This research aims to build a classifier to predict (Mohammadi et al., 2018) whether a scheduled appointment will be attended or not. In such a study, if any hospital data is examined, the no-show class is minimal. The application of classification algorithms on such data paves the way for inaccurate predictions since the class is imbalanced. Mostly in any training dataset, the number of instances is high for a particular class (i.e. those who do not miss their appointments), while there are few instances for other classes (no-shows).

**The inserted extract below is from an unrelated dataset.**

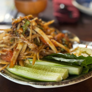Well, the was the steamed green Coconut filled with Amok Fish Curry, a huge bowl of Proherl Soup with lots of fresh and healthy greens, a green Papaya Salad with Salted Crab, and a plate of Laotian Lab ... four entrees for the two of us ... needless to say, we had leftovers.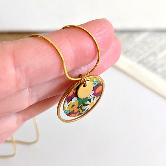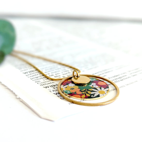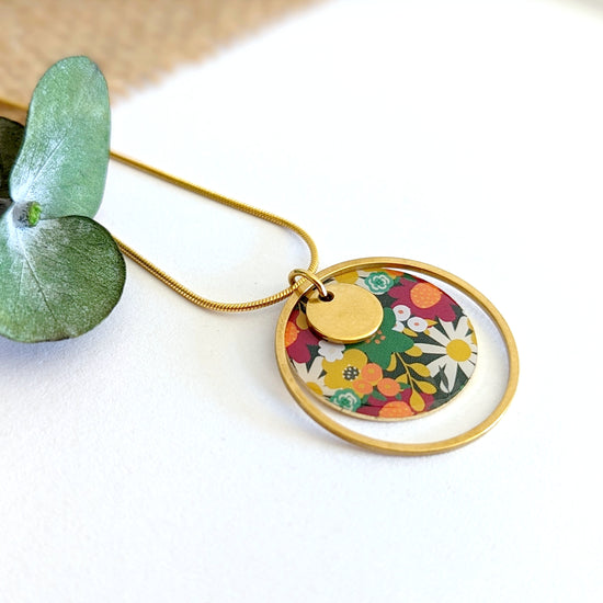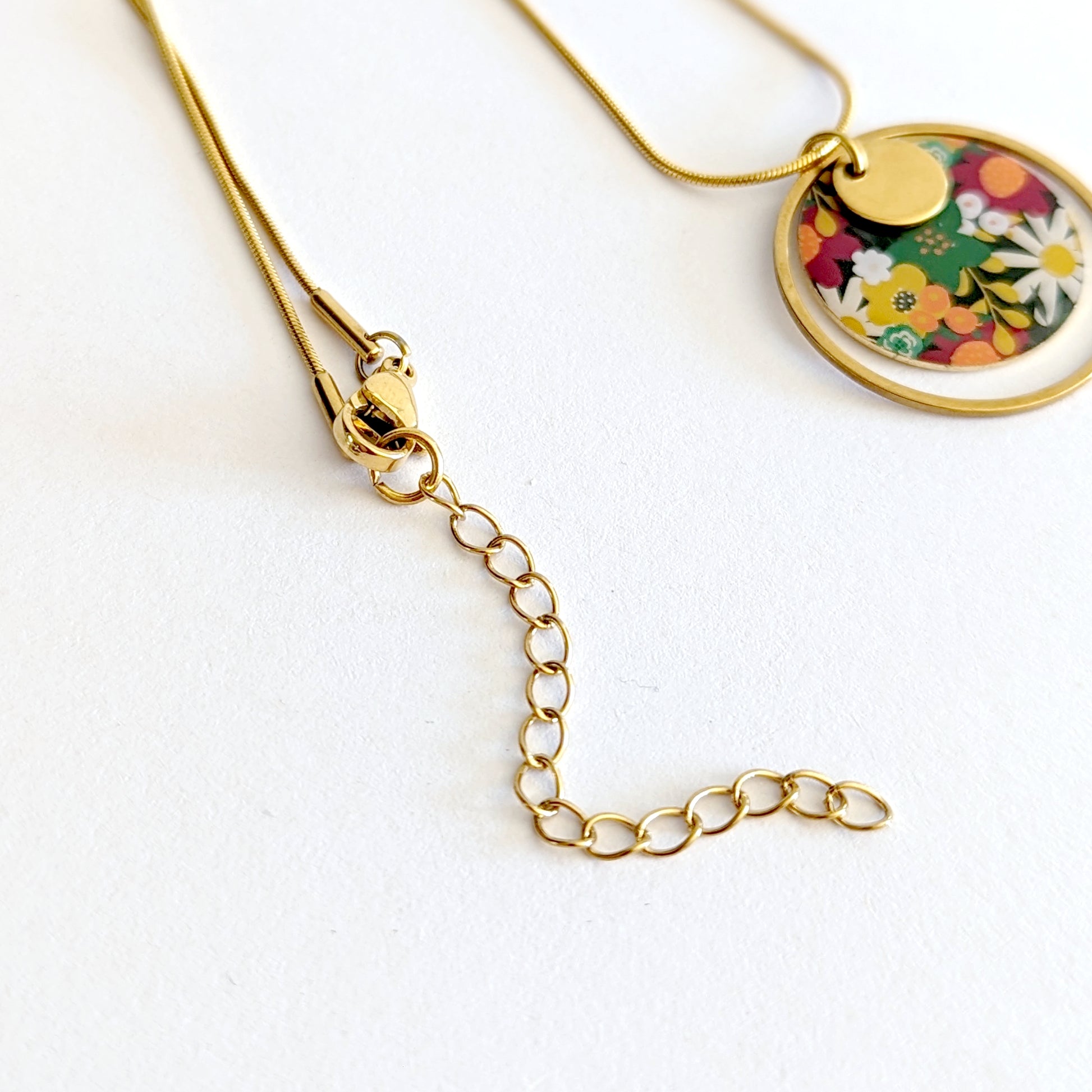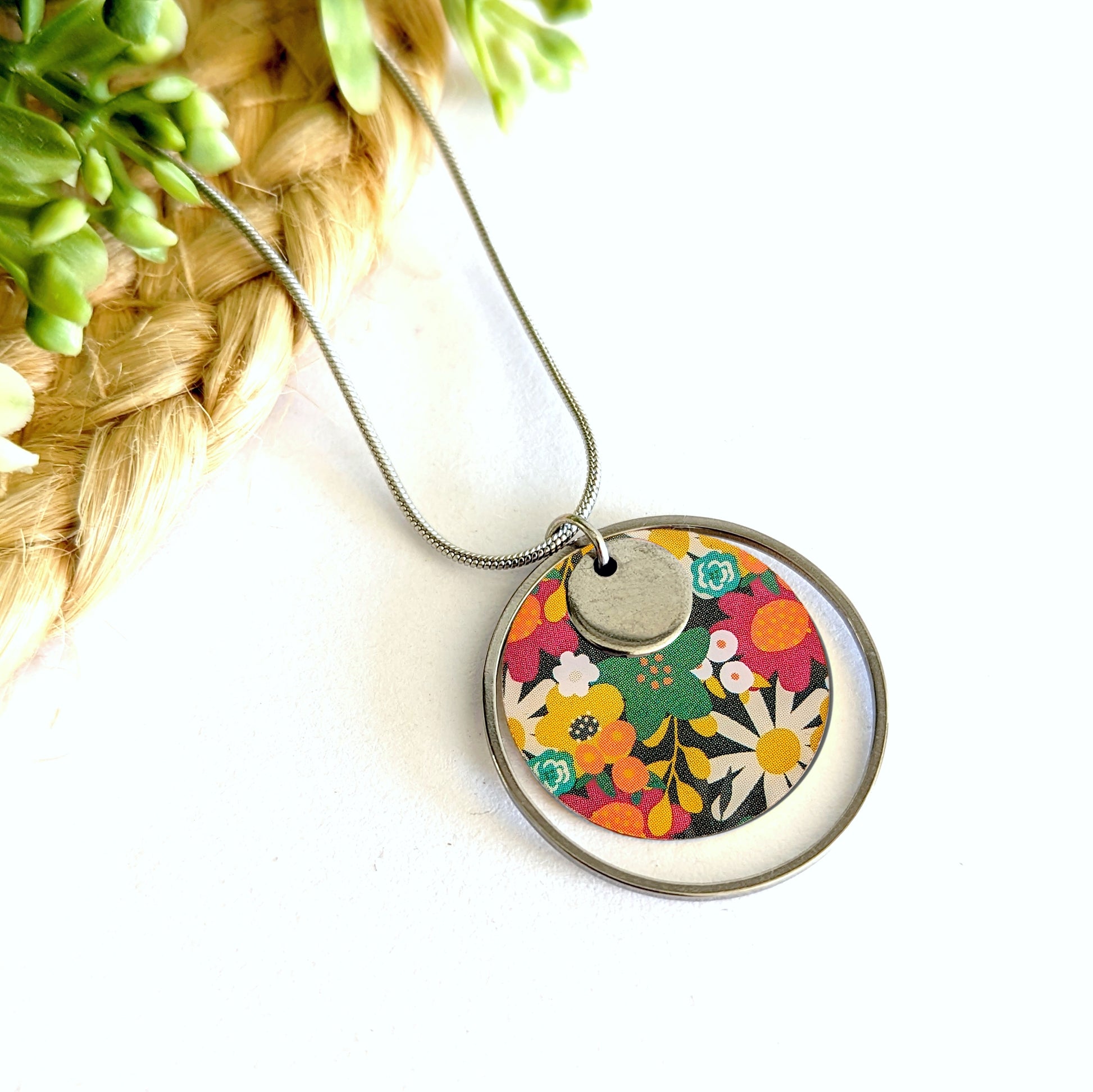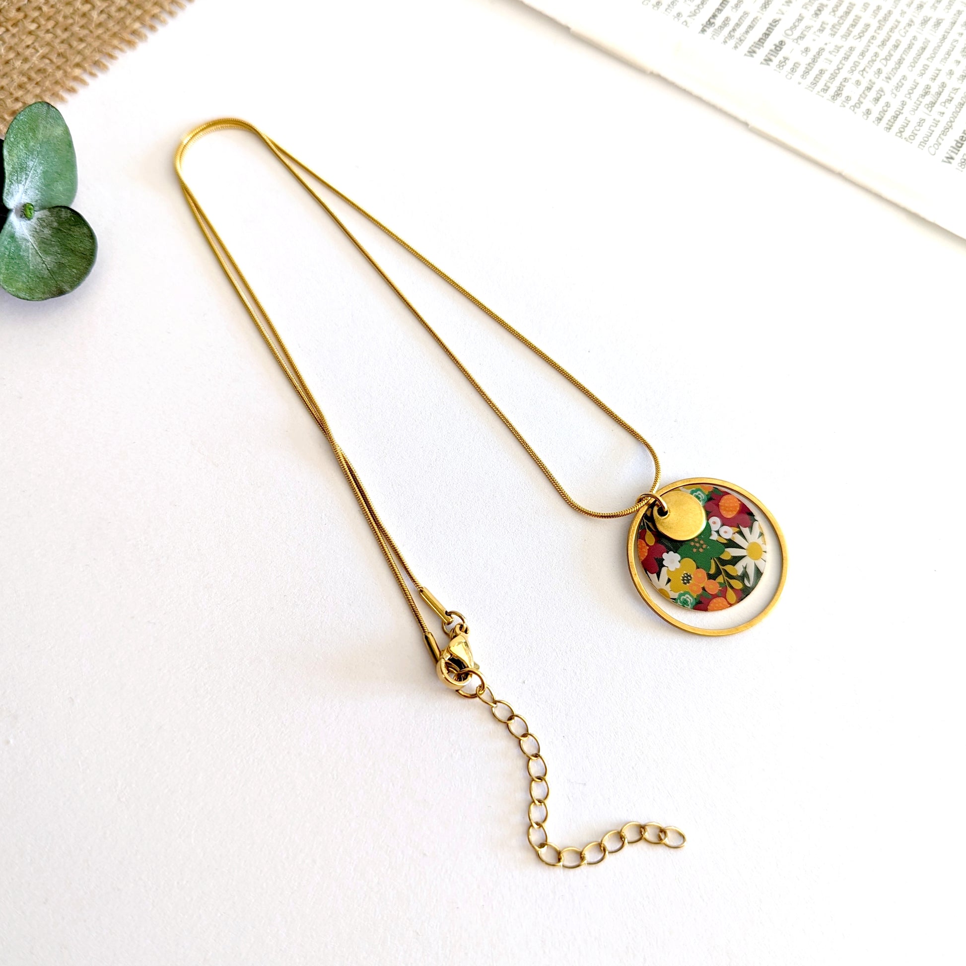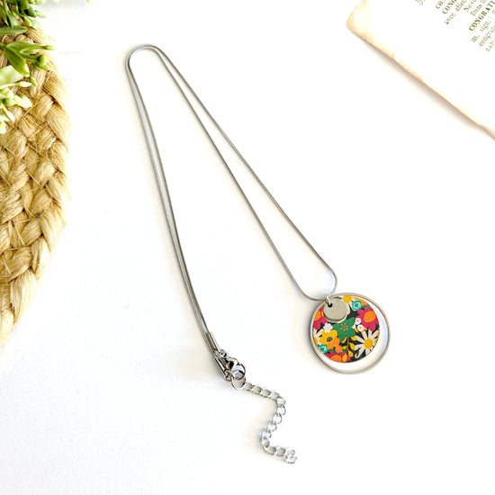 Collier pendentif multicolore en résine pour femme - Motif Floral

This particular scenario is called the imbalanced data. The data imbalance in the datasets could cause the resulting models to be biased towards the majority class (i.e. those who do not miss their appointments) during prediction.

Hence on the Medical Appointment No-Show dataset which is imbalanced, various under sampling and oversampling techniques were applied to make the class balanced for prior prediction. This paper also compares the performance metrics of the various over sampling and under sampling methods widely used before applying classifiers. Sampling techniques such as Random over Sampling (ROS), Random under Sampling (RUS), Synthetic Minority Oversampling Technique (SMOTE), ADAaptive SYNthetic Sampling (ADASYN), Edited Nearest Neighbor (ENN), and Condensed Nearest Neighbor (CNN) are investigated using the medical appointment no-show dataset and the Decision Tree classifier. The majority and minority class before and after sampling were found for all the chosen sampling techniques. The performance of the classifier after applying sampling was assessed using measures such as precision, recall, and Area under Curve (AUC). The performance of ENN with decision tree classifiers outperforms other techniques for the chosen medical appointment dataset. CNN and ADASYN have performed equally well on the imbalanced data.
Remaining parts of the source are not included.